Wir sind dabei, das Hochschulgesetz zu ändern, um den Hochschulen mehr Klarheit und Sicherheit zu geben, duale Studiengänge einzurichten. Besonders kleine Unternehmen brauchen Unterstützung, um die Bürokratie zu beherrschen. Daher mein Appell an alle Unternehmen und Wirtschaftstreibenden, mit uns zusammenzuarbeiten, vor allen Dingen mit den Hochschulen für Angewandte Wissenschaften. Wenn wir einen engen Dialog führen und miteinander sprechen, welche Bedarfe es eigentlich gibt, dann können wir als Hochschullandschaft gut und zügig reagieren.

WEITERBILDUNG LEBENSLANG!

Die Zeiten, in denen Fachkräfte mit Wissen aus dem Studium 40 Jahre durchs Berufsleben kommen, sind lange vorbei. Die akademische Fortbildung muss anspruchsvoller werden – gerade auch im Hinblick auf Digitalisierung und Künstliche Intelligenz. Dafür sind unsere Hochschulen, ganz besonders die Hochschulen für Angewandte Wissenschaften, der natürliche Partner. Für die Hochschulen ist das eine Riesen-Umstellung, weil das ganze Geschäftsmodell bislang vorsieht, junge Menschen auszubilden, zu forschen und den Transfer in die Wirtschaft zu leisten. Aber völlig klar ist: Wir brauchen die Hochschulen für die gesamte Weiterbildung.

TURBO FÜR TALENTE!

Ein Projekt, das mir sehr am Herzen liegt, und das sehr viele der oben aufgeführten Aspekte verbindet und gerade deshalb so erfolgreich ist, ist das Talentscouting. Als Wissenschaftsministerium geben wir den Hochschulen Geld, um Talentscouts auszubilden, die in alle Gymnasien und Berufskollegs gehen. Dort sprechen sie mit allen jungen Menschen, die unsicher sind, wie es nach der Schule weitergeht, oder die von Lehrerinnen und Lehrern empfohlen werden, weil sie mit guten Leistungen glänzen, aber vielleicht zuhause wenig Unterstützung bekommen. Häufig sind es Schülerinnen und Schüler mit Migrationshintergrund, die Unterstützung brauchen, um unser Ausbildungssystem zu verstehen.

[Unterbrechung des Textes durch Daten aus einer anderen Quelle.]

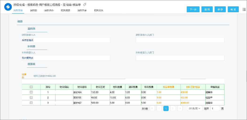 跟进项目施工实际情况,结算时系统自动根据材料单、补料单、补料单等相关单据,生成核算单据,确认后完成结算。
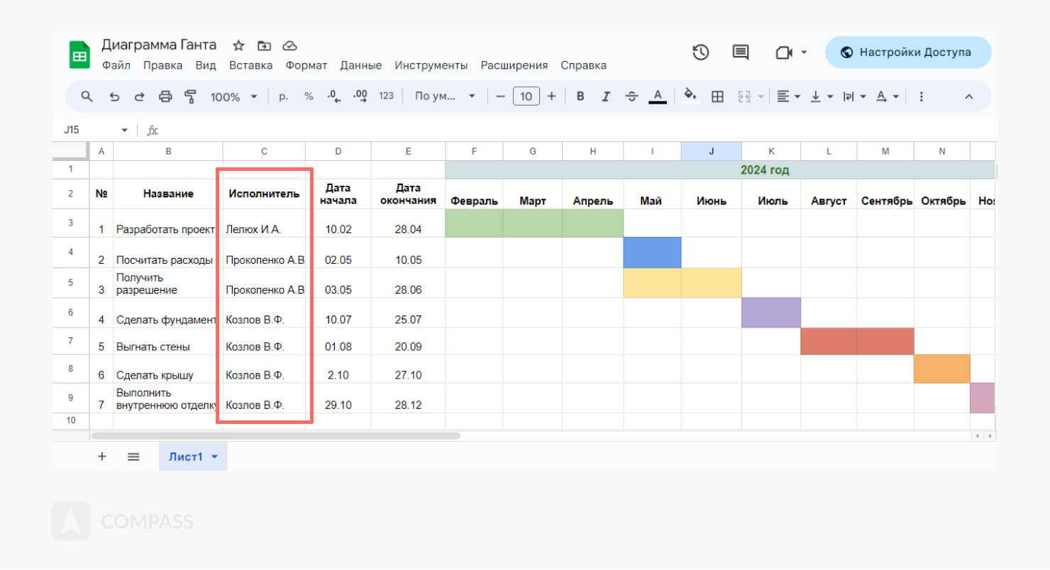 Напротив действий прописывают их исполнителей или ответственных. Это зависит от того, как построена работа в компании. В нашем случае все действия по строительству курирует прораб, за разработку проекта ответственен архитектор, а за документы и расчет расходов — помощник. Вносим эти данные в таблицу.
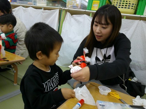 お母さんと一緒にはさみを使って三角のサンタさんの帽子も作りました。みんなとても上手にはさみも使えていましたね。
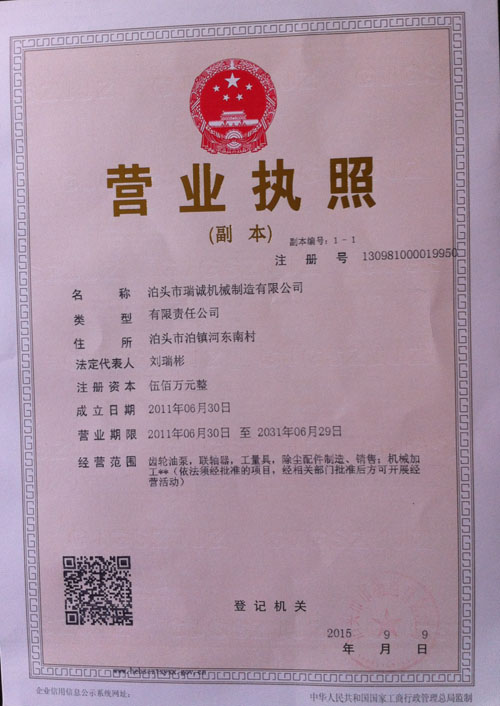泊頭市瑞誠機械制造有限公司位于我國聞名的鑄造之鄉(xiāng)河北省泊頭市河?xùn)|南工業(yè)區(qū),我公司設(shè)備齊全,制造經(jīng)驗豐富,具有雄厚的技術(shù)實力,順應(yīng)現(xiàn)代化市場之所需,注重技術(shù)產(chǎn)品的科研和開發(fā),使產(chǎn)品的種類不斷增加,質(zhì)量合格率不斷上升,我公司已成為生產(chǎn)齒輪油泵等產(chǎn)品的規(guī)?;髽I(yè).
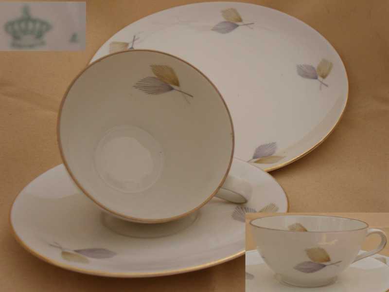 Artikelnummer: 0862 Sammelgedeck Sammeltasse Porzellan Blattmotiv 50er 60er Jahre Tasse Durchmesser 11,5 cm mit Henkel Kuchenteller Durchmesser 19,5 cm Untertasse Durchmesser 15 cm mit Krone Bavaria. Artikelnummer:0862

Die Talentscouts sind feste Ansprechpartnerinnen und Ansprechpartner und unterstützen die Talente ganz individuell. Der Erfolg ist messbar: Deutlich mehr junge Menschen aus Akademiker-Haushalten machen eine Ausbildung, und deutlich mehr Menschen aus Nicht-Akademiker-Haushalten studieren. Talentscouts gelingt es also die unsichtbaren aber real existierenden Barrieren, die automatisch von Eltern oder vom Umfeld eingeprägt sind, aufzubrechen. Die Abbrecherquoten sind anschließend sehr viel niedriger, und die eigene Zufriedenheit sehr, sehr hoch. 20.000 Schülerinnen und Schüler sind bislang an 400 Schulen in einem kontinuierlichen Beratungsprozess.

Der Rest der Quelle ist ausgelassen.